**Data below:**

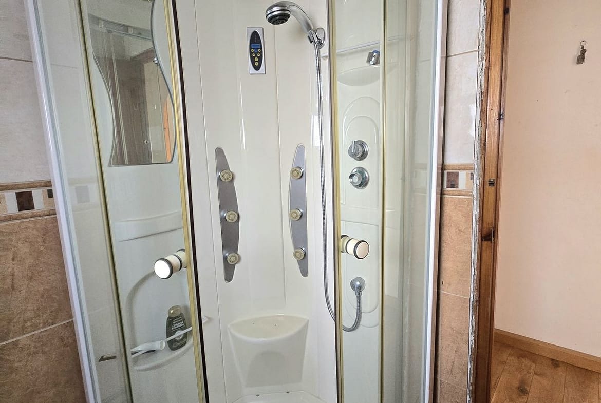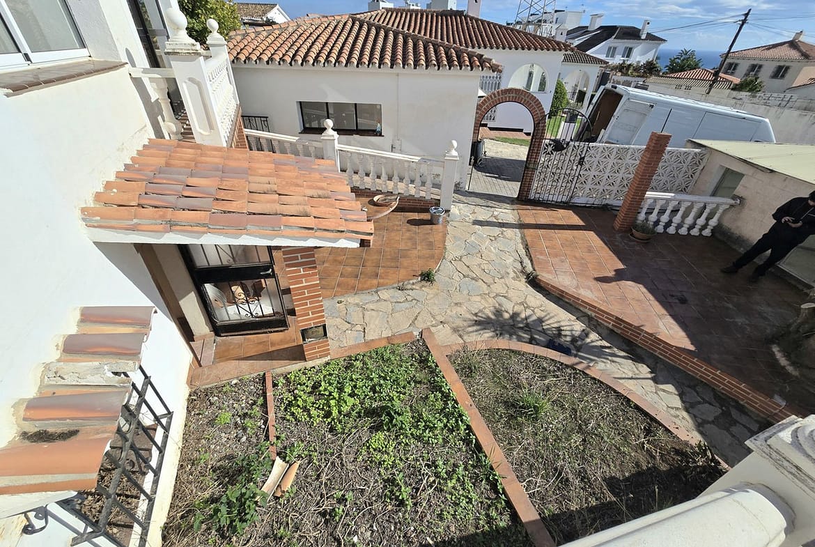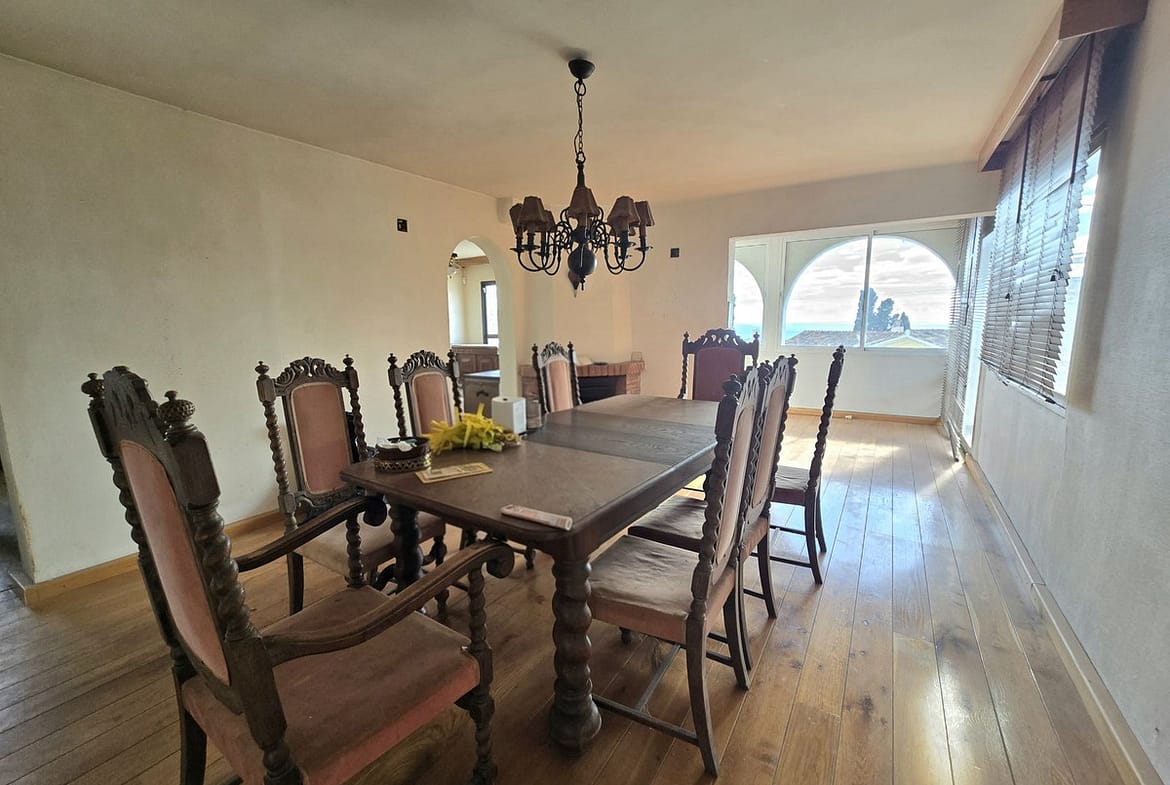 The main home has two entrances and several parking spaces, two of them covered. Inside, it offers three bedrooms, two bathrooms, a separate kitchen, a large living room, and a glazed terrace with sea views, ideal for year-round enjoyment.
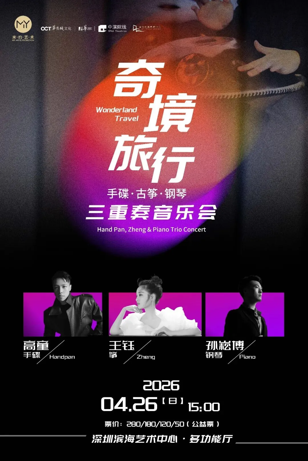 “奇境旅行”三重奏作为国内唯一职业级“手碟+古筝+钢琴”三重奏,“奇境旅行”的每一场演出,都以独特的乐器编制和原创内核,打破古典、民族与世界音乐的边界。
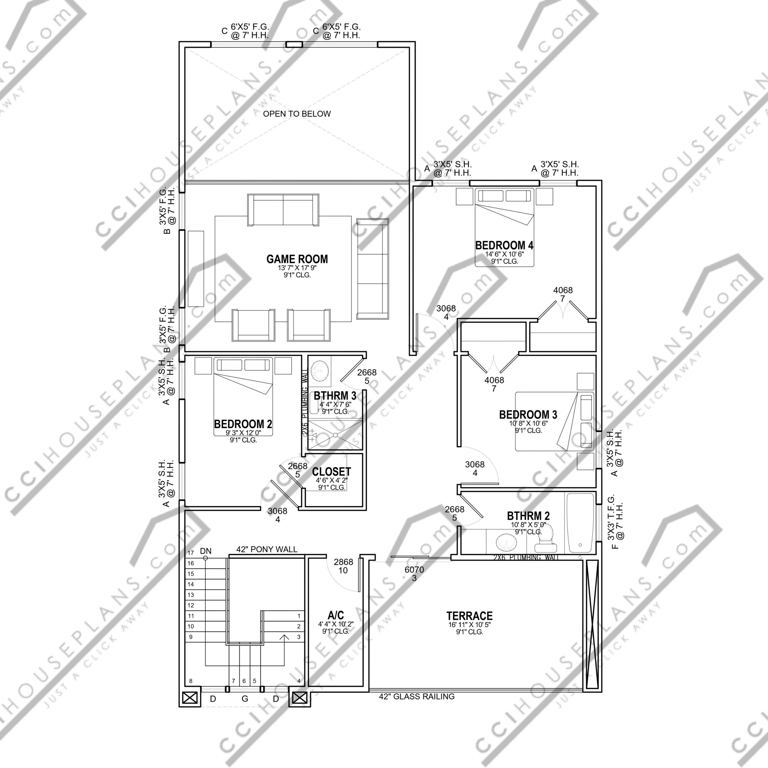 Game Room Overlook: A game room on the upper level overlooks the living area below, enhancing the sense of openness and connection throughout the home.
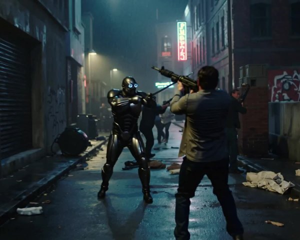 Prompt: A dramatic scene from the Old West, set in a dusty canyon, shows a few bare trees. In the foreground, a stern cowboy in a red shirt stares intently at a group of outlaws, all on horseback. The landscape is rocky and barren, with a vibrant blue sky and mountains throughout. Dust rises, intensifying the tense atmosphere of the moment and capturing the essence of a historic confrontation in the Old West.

**What you need to do:** Please reproduce the listing exactly from its opening line through the line that contains "Game Room Overlook: A", both included, with all pictures omitted.

**Response to the exercise:**
 The main home has two entrances and several parking spaces, two of them covered. Inside, it offers three bedrooms, two bathrooms, a separate kitchen, a large living room, and a glazed terrace with sea views, ideal for year-round enjoyment.
 “奇境旅行”三重奏作为国内唯一职业级“手碟+古筝+钢琴”三重奏,“奇境旅行”的每一场演出,都以独特的乐器编制和原创内核,打破古典、民族与世界音乐的边界。
 Game Room Overlook: A game room on the upper level overlooks the living area below, enhancing the sense of openness and connection throughout the home.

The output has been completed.